Molar volume is the volume occupied by one mole of any ideal gas at standard temperature and pressure. Show that it is 22.4 litre.
Answer – At STP,
Temperature, T = 273 k
Pressure, P = 1 atm
Using ideal gas equation,
PV = nRT
For one mole of gas (n = 1),
V = RT/P = (8.314 × 273) / (1.013 × 10⁵) = 22.4 L
Molar volume at STP = 22.4 litre

11. Suppose there existed a planet that went around the sun twice as fast as the earth. What would be its orbital size as compared to that of the earth?
Answer – Kepler’s third law, T² ∝ R³
If the planet goes around the Sun twice as fast as Earth, T_p = T_e/2
(T_p/T_e)² = (R_p/R_e)³
(1/2)² = (R_p/R_e)³
R_p/R_e = (1/2)^2/3 = 0.63
R_p = 0.63 R_e

OR

Compute the fractional change in volume of a glass slab when subjected to a hydraulic pressure of 10 ATM.
Answer – Fractional change in volume is given by ∆V/V = P/K
Where,
P is applied pressure
R is bulk modulus of elasticity of glass
For glass, K = 5 × 10¹⁰ Nm^–2
Pressure applied,
P = 10 atm = 10 × 1.013 × 10⁵ = 1.013 × 10⁶ Nm^–2
∆V/V = (1.013 × 10⁶) / (5 × 10¹⁰) = 2.026 × 10^–5
Hence, the fractional change in volume of the glass slab is 2.026 × 10^–5.

12. A spring balance has a scale that reads from 0 to 50 kg. The length of the scale is 20 cm. A body suspended from this balance when displaced and released, oscillates with a period of 0.6 seconds.

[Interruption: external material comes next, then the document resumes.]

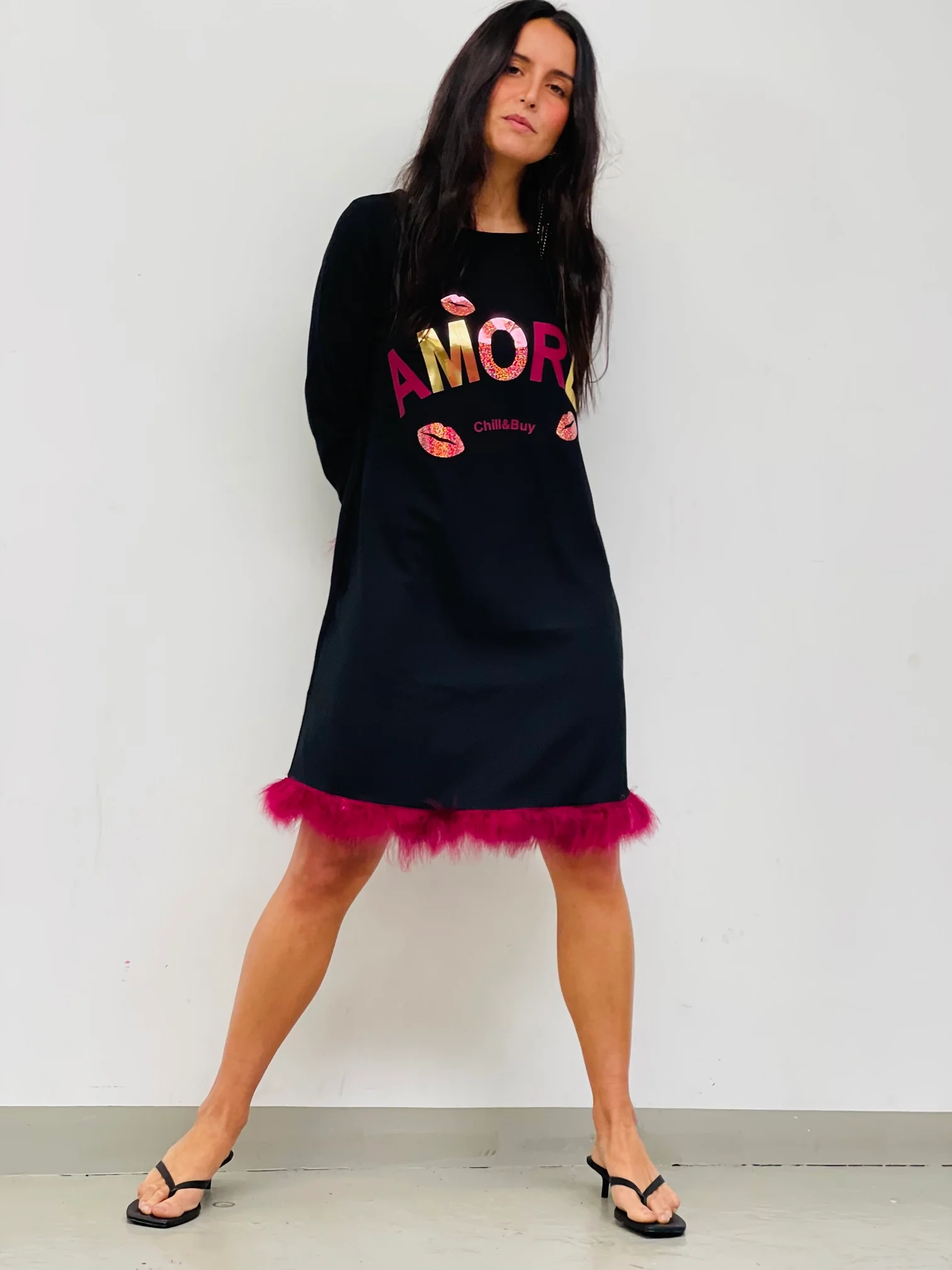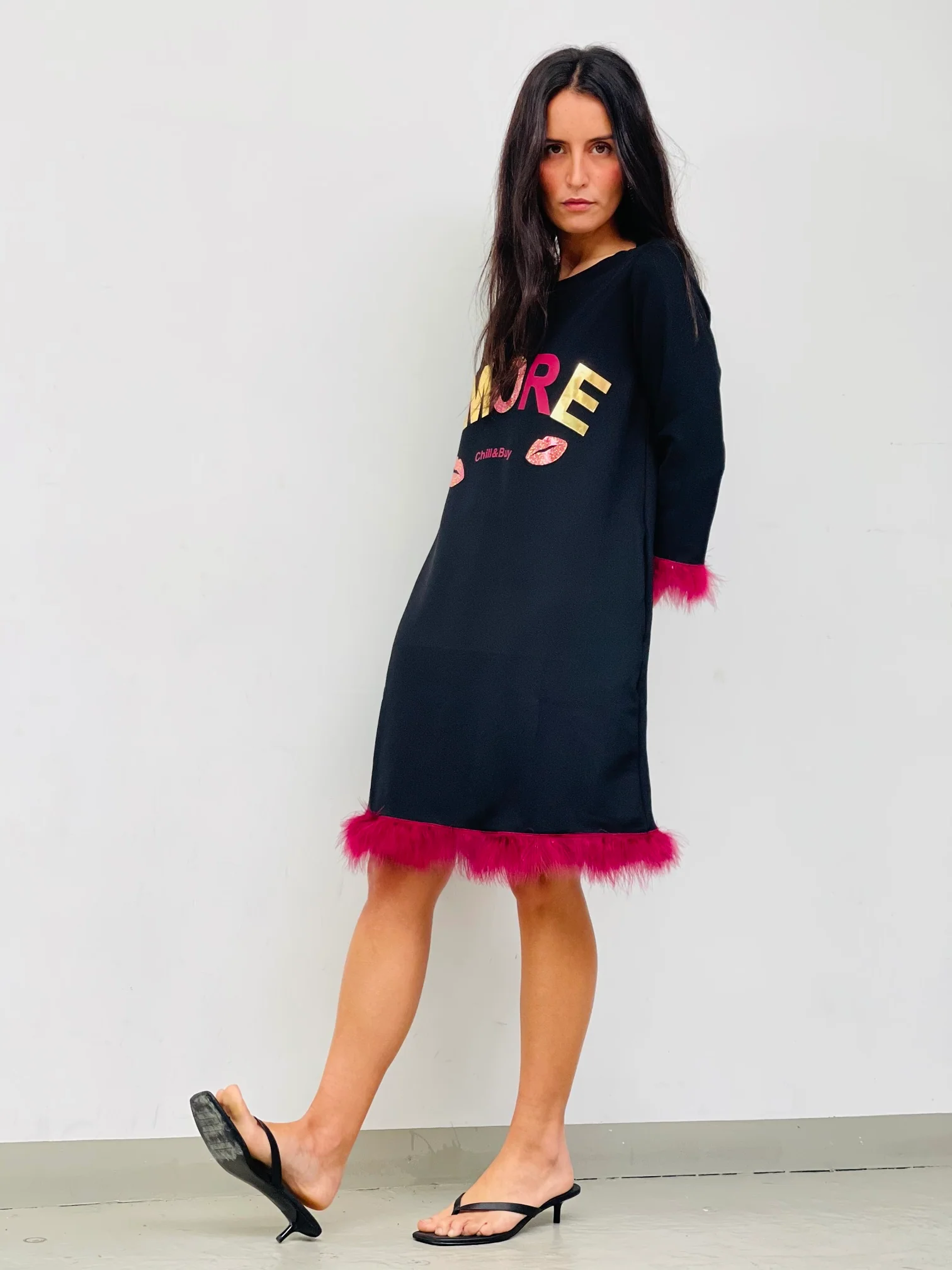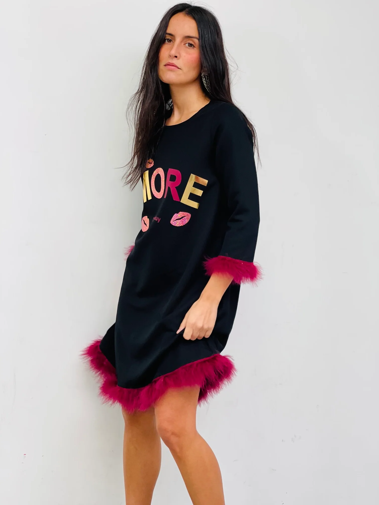 Vestido corto de mujer en color negro con cuello redondo, con bolsillos y manga larga. Cierre con cremallera oculta en la espalda. Detalle de marabú a contraste en puños y bajo. Confeccionado en tejido tipo crep con elastano. Made in Vigo.

What is the weight of the body?
Answer – Maximum reading of spring balance = 50 kg
Length of scale = 20 cm = 0.20 m
Force corresponding to 50 kg,
F = mg = 50 × 9.8 = 490 N
So, spring constant:
k = F/x = 490/0.20 = 2450 Nm^–1
Time period of oscillation, T = 0.6 s
We know, T = 2π√m/k
m = T²k/4π²
m = (0.6 × 0.6 × 2450) / (4 × 3.14 × 3.14) = 22.36 kg
Weight of the body,
W = mg = 22.36 × 9.8 = 219.13 N

OR

Estimate the total number of air molecules (inclusive of oxygen, nitrogen, water vapour and other constituents) in a room of capacity 25 m³ at a temperature of 27° celsius and one atm pressure.
Answer – Air is treated as an ideal gas. Using the relation
PV = NkT
Given,
V = 25 m³
T = 27° C = 300 K
P = 1.013 × 10⁵ Nm^–2
k = 1.38 × 10^–23 JK^–1
N = PV/kT = (1.013 × 10⁵ × 25) / (1.38 × 10^–23 × 300) = 6.117 × 10²⁶
Thus, the total number of air molecules in the room is 6.117 × 10²⁶.